▶ Information shown

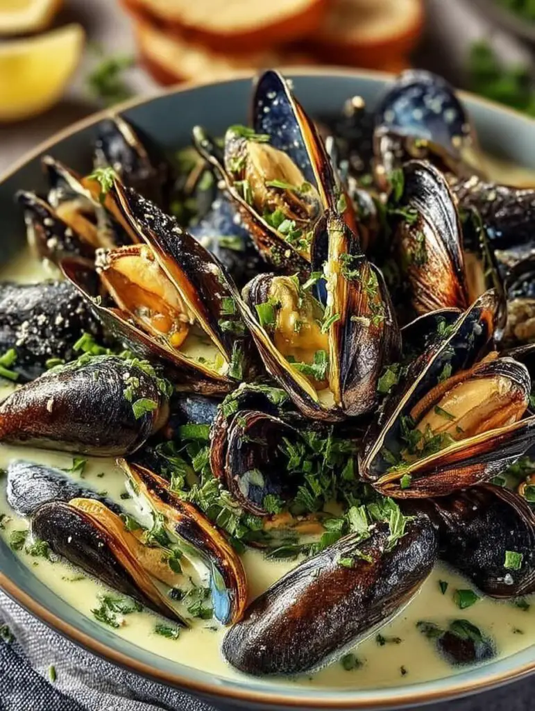 Délicieuse recette de moules à la crème à l’ail avec des instructions détaillées et des informations nutritionnelles.
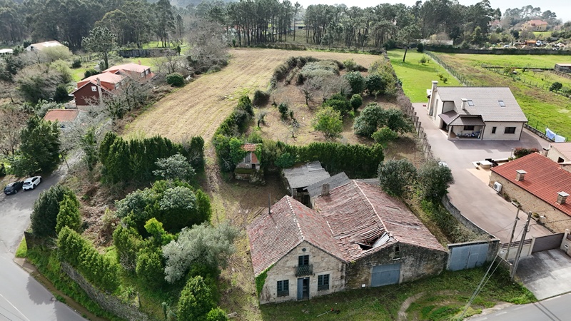 Oportunidad única en Lugar As Cortes – Rianxo, ideal por su amplitud y ubicación. La propiedad cuenta con más de 8.000 m² de finca, de los cuales 2.700 m² se encuentran en suelo urbano, lo que incrementa notablemente sus posibilidades.
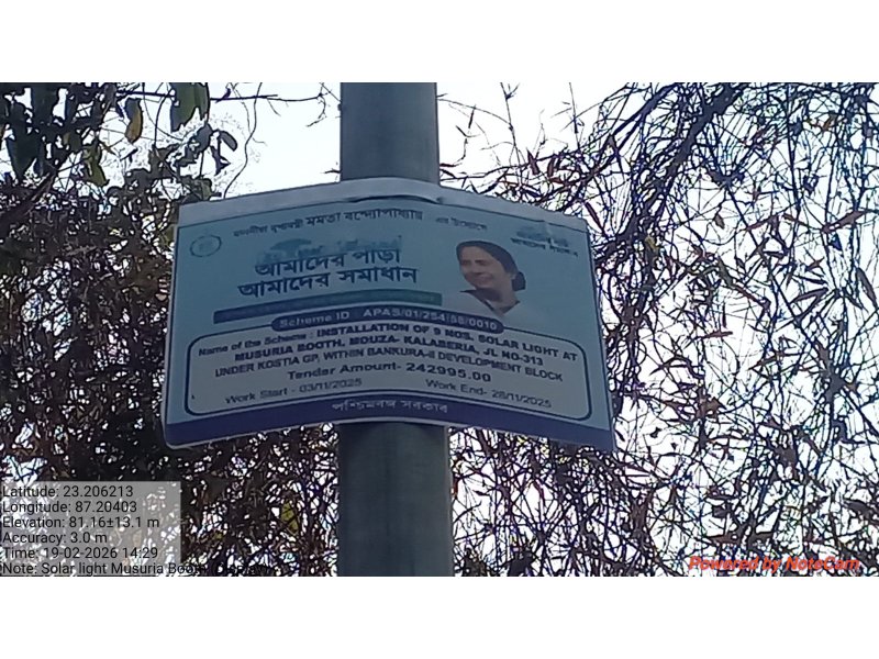 INSTALLATION OF 9 NOS SOLAR LIGHT AT MUSURIA BOOTH UNDER KOSTIA GP MOUZA KALABERIA JL NO 313

▶ Your task
An exact copy of every line above, minus the pictures, is the required output.

▶ Result
 Délicieuse recette de moules à la crème à l’ail avec des instructions détaillées et des informations nutritionnelles.
 Oportunidad única en Lugar As Cortes – Rianxo, ideal por su amplitud y ubicación. La propiedad cuenta con más de 8.000 m² de finca, de los cuales 2.700 m² se encuentran en suelo urbano, lo que incrementa notablemente sus posibilidades.
 INSTALLATION OF 9 NOS SOLAR LIGHT AT MUSURIA BOOTH UNDER KOSTIA GP MOUZA KALABERIA JL NO 313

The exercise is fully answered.